Limitations of the Study and Future Directions

This study presents several strengths, including a large sample size, the use of two well-validated rating instruments completed by both parents and teachers, and a rigorous, data-driven statistical approach. The adoption of a multi-informant design enhances the ecological validity of the findings, while the dimensional framework provides a nuanced understanding of the relationship between executive functioning and ADHD-related traits. However, some limitations must be acknowledged. First, the presence of missing data may have influenced the overall robustness of the analyses. Nevertheless, missingness was handled using appropriate techniques, ensuring internal consistency across comparisons.
Second, the study focused exclusively on rating scales and did not include performance-based measures of executive function. While this choice aligns with the study’s primary aim—investigating the basis of correlations commonly observed between questionnaires—it limits the ability to draw conclusions about the convergence or divergence between informant-based and task-based assessments. Moreover, the study relied on only one rating scale for ADHD symptoms and one for EF abilities; using multiple subjective measures for each construct would increase the specificity and sensitivity of the scores produced. Future studies should extend this work by including neuropsychological tests and a broader range of questionnaires to examine whether similar or divergent associations emerge across methodologies.
Third, the sample was not clinically diagnosed for ADHD. However, this limitation is partly mitigated by the nature of the analyses: correlational and factor-based approaches are not dependent on clinical thresholds, and focusing on symptom dimensions allows for a nuanced, dimensional understanding of the relationship between ADHD traits and EF difficulties. Additionally, recent research supports a dimensional conceptualization of ADHD, viewing it as a spectrum of attentional and behavioral traits rather than a unitary disorder [43].
Fourth, although the sample covers a broad age range (7–14 years), the results may not be generalizable to younger children (e.g., preschoolers), for whom both ADHD symptoms and executive functioning abilities may present differently. In early childhood, ADHD symptoms are often more externally visible and behaviorally driven, while executive functions are still in the early developmental stages.
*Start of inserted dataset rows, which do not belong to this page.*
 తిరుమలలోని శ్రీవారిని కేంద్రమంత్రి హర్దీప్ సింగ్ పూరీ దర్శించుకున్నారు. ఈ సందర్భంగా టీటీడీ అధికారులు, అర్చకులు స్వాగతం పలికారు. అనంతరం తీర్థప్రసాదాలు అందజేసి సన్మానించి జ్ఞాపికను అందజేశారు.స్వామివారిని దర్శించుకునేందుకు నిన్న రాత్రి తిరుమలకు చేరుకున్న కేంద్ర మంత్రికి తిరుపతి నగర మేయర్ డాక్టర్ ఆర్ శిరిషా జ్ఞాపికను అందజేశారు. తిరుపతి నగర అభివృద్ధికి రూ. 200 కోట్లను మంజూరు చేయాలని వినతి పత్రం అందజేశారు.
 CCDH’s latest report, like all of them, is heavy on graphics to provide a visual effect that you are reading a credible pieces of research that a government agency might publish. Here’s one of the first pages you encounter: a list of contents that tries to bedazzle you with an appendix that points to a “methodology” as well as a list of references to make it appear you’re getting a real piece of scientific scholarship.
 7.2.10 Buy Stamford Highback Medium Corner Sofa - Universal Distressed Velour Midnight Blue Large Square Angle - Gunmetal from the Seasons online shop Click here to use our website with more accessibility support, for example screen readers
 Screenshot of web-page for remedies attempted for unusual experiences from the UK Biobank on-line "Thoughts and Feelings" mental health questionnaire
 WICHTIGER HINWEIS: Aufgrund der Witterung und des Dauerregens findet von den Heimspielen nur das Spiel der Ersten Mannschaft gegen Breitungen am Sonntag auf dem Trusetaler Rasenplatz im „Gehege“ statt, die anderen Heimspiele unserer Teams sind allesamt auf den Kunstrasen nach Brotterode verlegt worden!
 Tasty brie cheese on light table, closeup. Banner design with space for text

By focusing on school-aged children, the present study ensured greater internal consistency in behavior patterns and developmental expectations. Moreover, the lower representation of children at the younger and older ends of the age range may limit the generalizability of the findings for those subgroups. Additionally, information on socioeconomic status (SES) was not systematically collected, limiting our ability to examine its potential moderating effects on the observed associations.
Fifth, the timing of questionnaire completion was not systematically recorded, and it showed considerable variability across participants. Although the estimated completion time for each questionnaire was brief (20–30 min), the period between questionnaire delivery and return ranged from days to several weeks or even months. Future studies should consider monitoring or standardizing the timing of completion to improve the temporal validity of the data collected.
Future research could expand on these findings by investigating whether the same patterns of association and dissociation hold when comparing questionnaire-based assessments to performance-based tests. Such studies could clarify whether the empirical overlap observed between rating scales is rooted in shared real-world behaviors, shared method variance, or both. Moreover, future work might explore whether similar factor structures emerge in younger or older populations and how these associations evolve developmentally through longitudinal designs, or how cultural and contextual factors shape informant perceptions. Finally, given the conceptual ambiguity of executive functioning in the literature, future studies may benefit from comparing alternative theoretical and statistical models to examine whether different operationalizations of EF yield consistent patterns of association.

Author Contributions

Conceptualization, C.C. and G.M.M.; methodology, C.C. and G.M.M.; software, C.C.; formal analysis, G.M.M.; investigation, C.C. and G.M.M.; resources, C.C. and G.M.M.; data curation, G.M.M.; writing—original draft preparation, C.C.; writing—review and editing, G.M.M.; visualization, C.C.; project administration, G.M.M.; funding acquisition, G.M.M. All authors have read and agreed to the published version of the manuscript.

Funding

This research was founded by the Ministry of Education University and Research, under grant number 1760961.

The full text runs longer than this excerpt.